Lee Meelim J, Wang Chuangqi, Carroll Molly J, Brubaker Douglas K, Hyman Bradley T, Lauffenburger Douglas A
Department of Biological Engineering, Massachusetts Institute of Technology, Cambridge, MA, United States.
Weldon School of Biomedical Engineering, Purdue University, West Lafayette, IN, United States.
Front Neurosci. 2021 Sep 30;15:727784. doi: 10.3389/fnins.2021.727784. eCollection 2021.
Mouse models are vital for preclinical research on Alzheimer's disease (AD) pathobiology. Many traditional models are driven by autosomal dominant mutations identified from early onset AD genetics whereas late onset and sporadic forms of the disease are predominant among human patients. Alongside ongoing experimental efforts to improve fidelity of mouse model representation of late onset AD, a computational framework termed Translatable Components Regression (TransComp-R) offers a complementary approach to leverage human and mouse datasets concurrently to enhance translation capabilities. We employ TransComp-R to integratively analyze transcriptomic data from human postmortem and traditional amyloid mouse model hippocampi to identify pathway-level signatures present in human patient samples yet predictive of mouse model disease status. This method allows concomitant evaluation of datasets across different species beyond observational seeking of direct commonalities between the species. Additional linear modeling focuses on decoupling disease signatures from effects of aging. Our results elucidated mouse-to-human translatable signatures associated with disease: excitatory synapses, inflammatory cytokine signaling, and complement cascade- and TYROBP-based innate immune activity; these signatures all find validation in previous literature. Additionally, we identified agonists of the Tyro3 / Axl / MerTK (TAM) receptor family as significant contributors to the cross-species innate immune signature; the mechanistic roles of the TAM receptor family in AD merit further dedicated study. We have demonstrated that TransComp-R can enhance translational understanding of relationships between AD mouse model data and human data, thus aiding generation of biological hypotheses concerning AD progression and holding promise for improved preclinical evaluation of therapies.

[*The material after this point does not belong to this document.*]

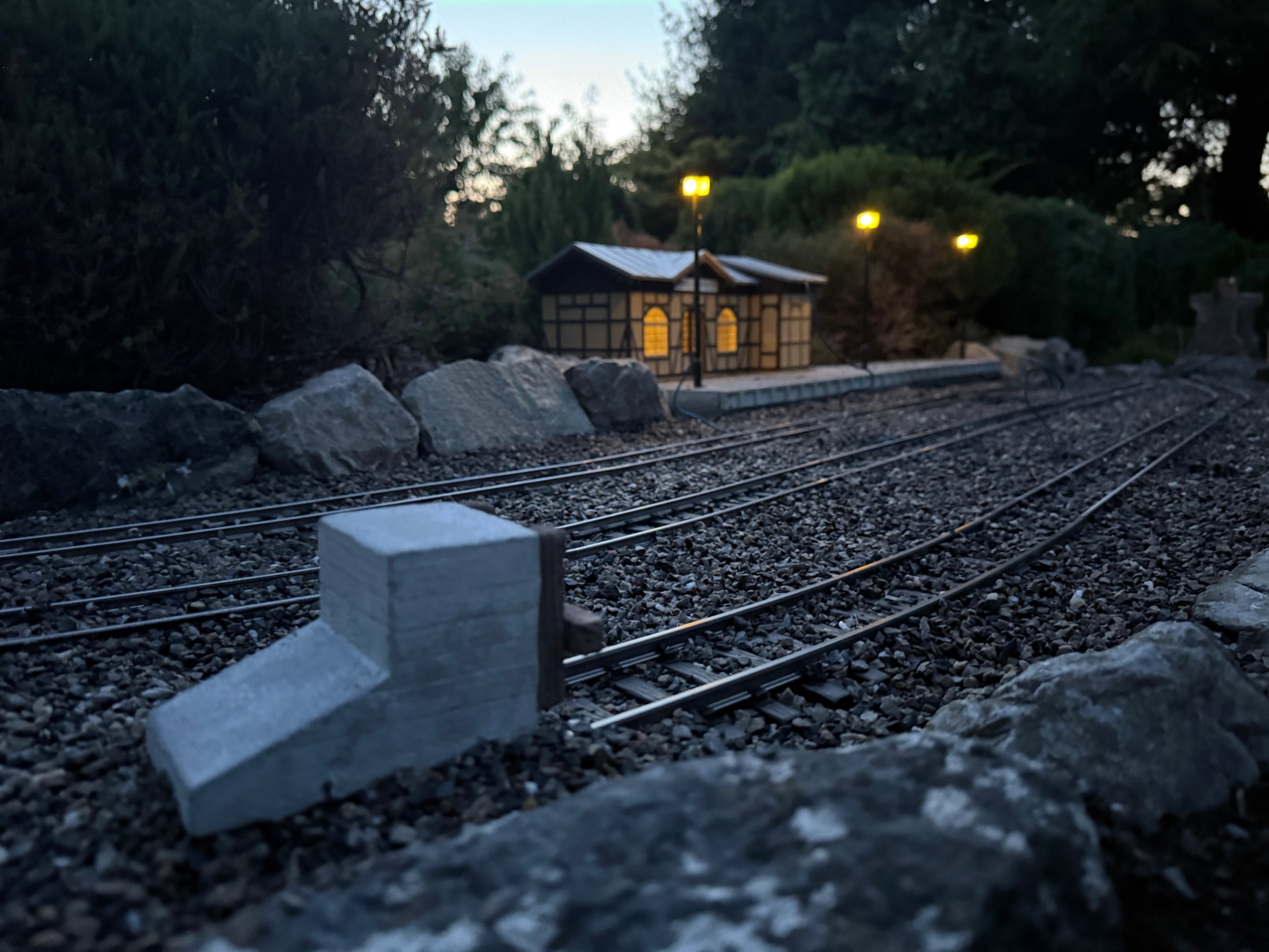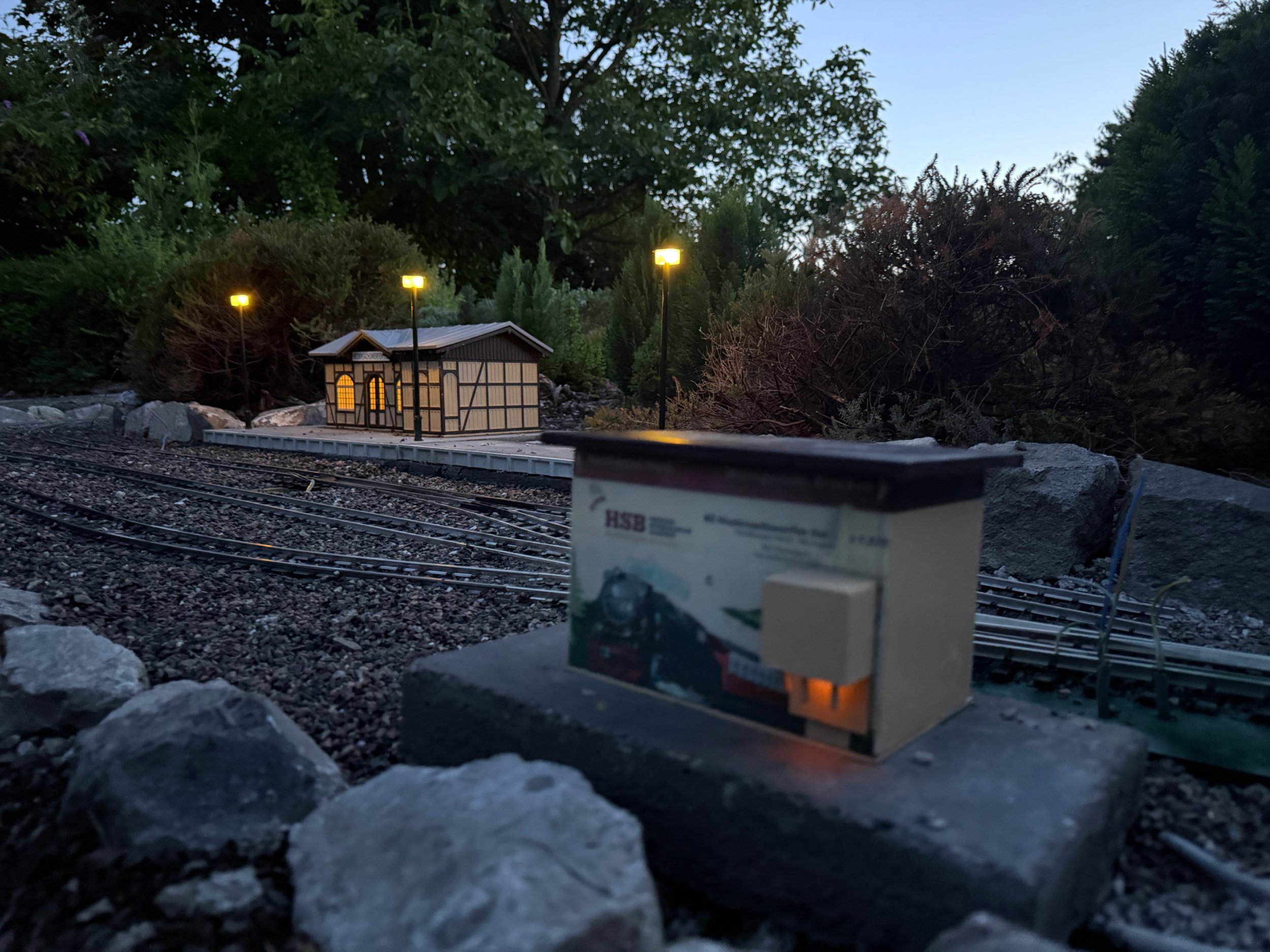 Der neue Bahnhof Niedersachswerfen steht im Vorbild auf der Seite Nordhausen. Die Beleuchtung der Modells - ein Bausatz aus dem Hause Heyn - orientiert stark an den typischen alten DDR Lampen. Daher möchte ich mit Nachtfotos vom allerersten Test der Beleuchtung beginnen:

小鼠模型对于阿尔茨海默病(AD)病理生物学的临床前研究至关重要。许多传统模型由早发性AD遗传学中鉴定出的常染色体显性突变驱动,而晚发性和散发性形式的疾病在人类患者中占主导地位。除了正在进行的提高小鼠模型对晚发性AD代表性保真度的实验努力外,一种称为可翻译成分回归(TransComp-R)的计算框架提供了一种补充方法,可同时利用人类和小鼠数据集来增强翻译能力。我们使用TransComp-R对来自人类尸检和传统淀粉样蛋白小鼠模型海马体的转录组数据进行综合分析,以识别存在于人类患者样本中但可预测小鼠模型疾病状态的通路水平特征。这种方法允许对不同物种的数据集进行伴随评估,而不仅仅是观察物种之间的直接共性。额外的线性建模专注于将疾病特征与衰老效应解耦。我们的结果阐明了与疾病相关的小鼠到人类的可翻译特征:兴奋性突触、炎性细胞因子信号传导以及基于补体级联和TYROBP的先天免疫活性;这些特征均在先前文献中得到验证。此外,我们将酪氨酸激酶3/AXL/巨噬细胞清道夫受体酪氨酸激酶(TAM)受体家族的激动剂鉴定为跨物种先天免疫特征的重要贡献者;TAM受体家族在AD中的机制作用值得进一步专门研究。我们已经证明,TransComp-R可以增强对AD小鼠模型数据与人类数据之间关系的翻译理解,从而有助于生成关于AD进展的生物学假设,并有望改善治疗的临床前评估。